• [WHAT YOU ARE ASKED TO DO]
Your copy must hold all of the data below, unchanged and without images.

• [PROVIDED DATA]

========================================================================

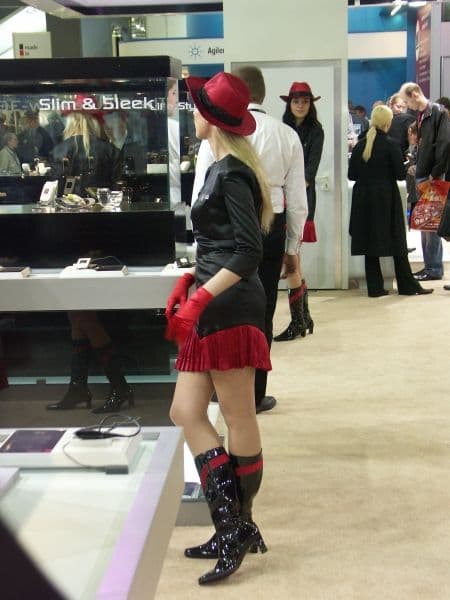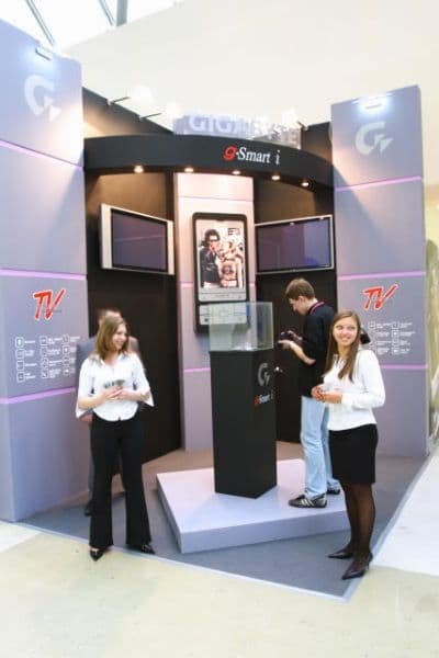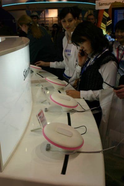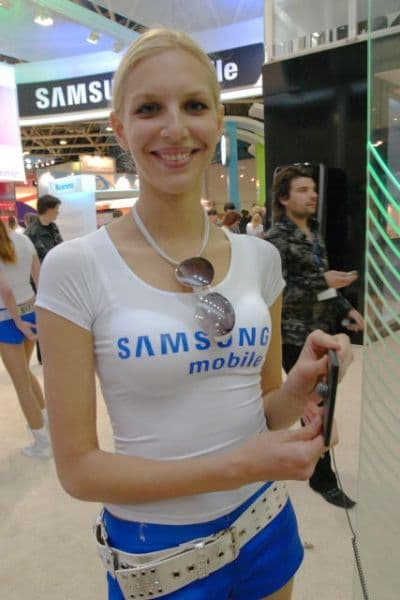 Самый большой стенд (хотя специальных замеров мы не проводили) был у Samsung, что и не удивительно, учитывая количество и разнообразие моделей: как средств связи, так и девушек, их представлявших.
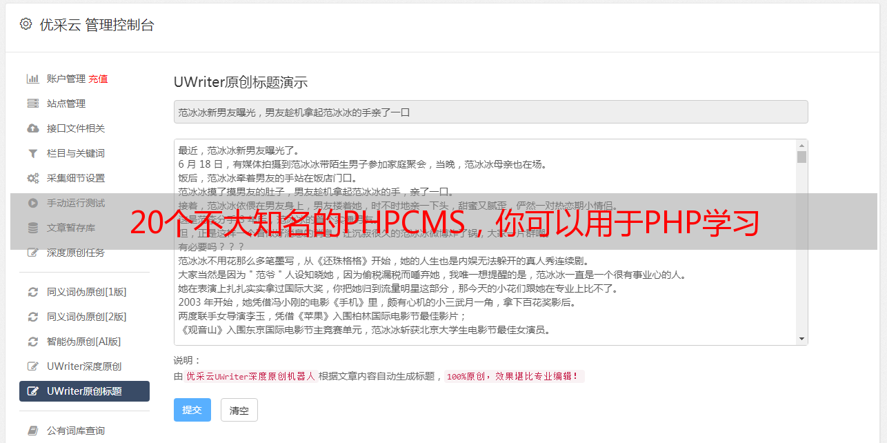 优采云 发布时间: 2021-07-22 20:5020个不大知名的PHPCMS,你可以用于PHP学习
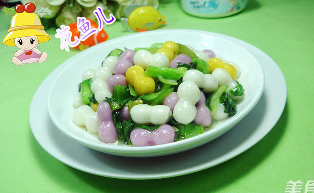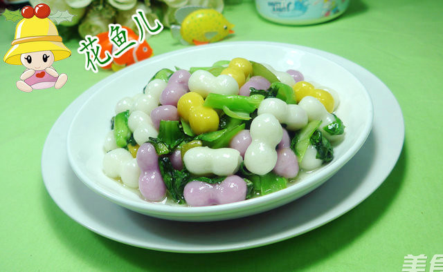 菜芯炒三色年糕果是我儿子的早餐。。。

========================================================================

• [ANSWER TO THE EXERCISE]
 Самый большой стенд (хотя специальных замеров мы не проводили) был у Samsung, что и не удивительно, учитывая количество и разнообразие моделей: как средств связи, так и девушек, их представлявших.
 优采云 发布时间: 2021-07-22 20:5020个不大知名的PHPCMS,你可以用于PHP学习
 菜芯炒三色年糕果是我儿子的早餐。。。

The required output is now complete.